#### Information shown:
-- Opening Marker --

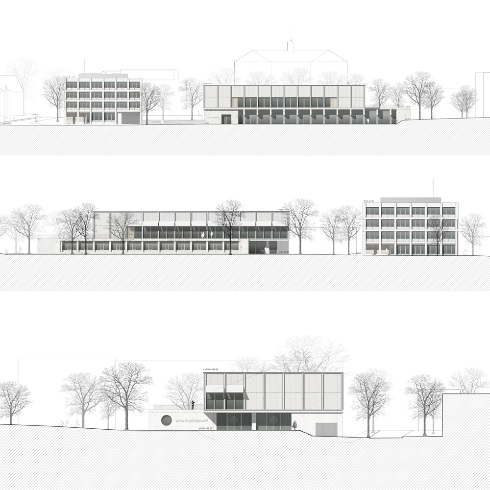 Die heterogene Situation, die verschiedenen Nutzungsgruppen sowie das kompakte L-förmige Baufeld bedingen eine geschickte Setzung eines mehrteiligen Gebäudekomplexes mit differenzierter Höhenstaffelung.  So können die Bereiche der unterschiedlichen Nutzergruppen entflochten werden und gleichzeitig kann auf die spezifische städtebauliche Situation reagiert werden.
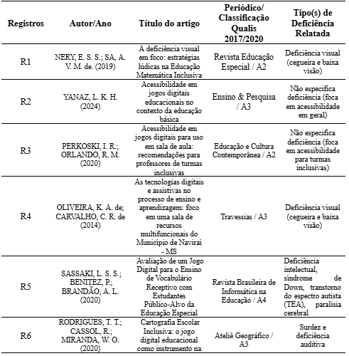 Foram extraídos: autor/ano, título, periódico/Qualis CAPES (2017-2020), tipo de deficiência e área temática da pesquisa de acordo com o foco central de suas investigações (Alfabetização e Comunicação; Acessibilidade e Tecnologia Assistiva; Desenvolvimento de Habilidades Cognitivas e Sociais; Ensino da Matemática e Raciocínio Lógico; Letramento Digital; Uso da Libras/Bilinguismo; Desenvolvimento de Funções Executivas (Controle Inibitório); e Outros (abrangendo estudos de caráter geral sobre jogos digitais no AEE.
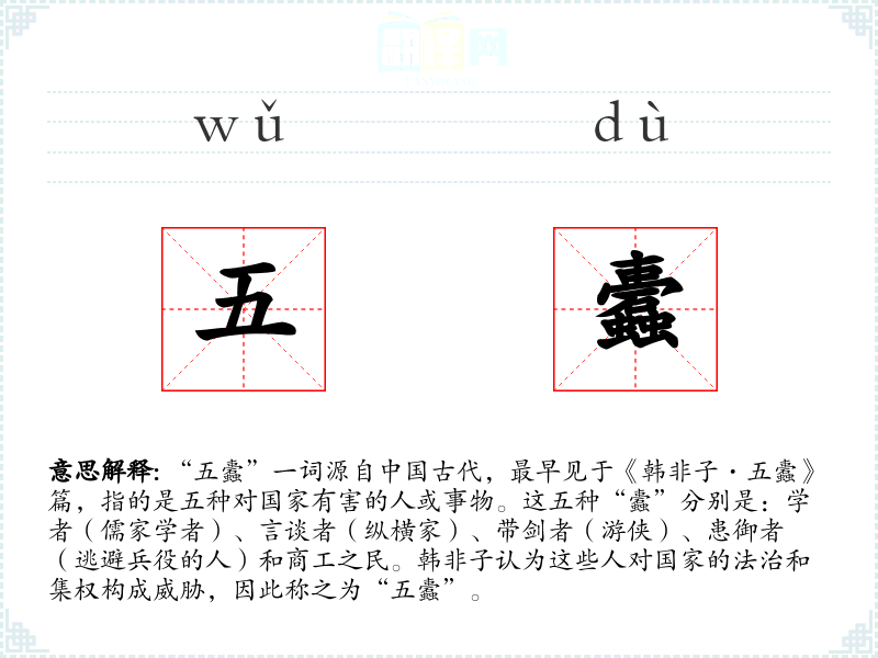 “五蠹”一词源自**古代,最早见于《韩非子·五蠹》篇,指的是五种对国家有害的人或事物。这五种“蠹”分别是:学者(儒家学者)、言谈者(纵横家)、带剑者(游侠)、患御者(逃避兵役的人)和商工之民。韩非子认为这些人对国家的法治和集权构成威胁,因此称之为“五蠹”。

-- Closing Marker --

Produce a verbatim copy of the listing, leaving out all pictures.

 Die heterogene Situation, die verschiedenen Nutzungsgruppen sowie das kompakte L-förmige Baufeld bedingen eine geschickte Setzung eines mehrteiligen Gebäudekomplexes mit differenzierter Höhenstaffelung.  So können die Bereiche der unterschiedlichen Nutzergruppen entflochten werden und gleichzeitig kann auf die spezifische städtebauliche Situation reagiert werden.
 Foram extraídos: autor/ano, título, periódico/Qualis CAPES (2017-2020), tipo de deficiência e área temática da pesquisa de acordo com o foco central de suas investigações (Alfabetização e Comunicação; Acessibilidade e Tecnologia Assistiva; Desenvolvimento de Habilidades Cognitivas e Sociais; Ensino da Matemática e Raciocínio Lógico; Letramento Digital; Uso da Libras/Bilinguismo; Desenvolvimento de Funções Executivas (Controle Inibitório); e Outros (abrangendo estudos de caráter geral sobre jogos digitais no AEE.
 “五蠹”一词源自**古代,最早见于《韩非子·五蠹》篇,指的是五种对国家有害的人或事物。这五种“蠹”分别是:学者(儒家学者)、言谈者(纵横家)、带剑者(游侠)、患御者(逃避兵役的人)和商工之民。韩非子认为这些人对国家的法治和集权构成威胁,因此称之为“五蠹”。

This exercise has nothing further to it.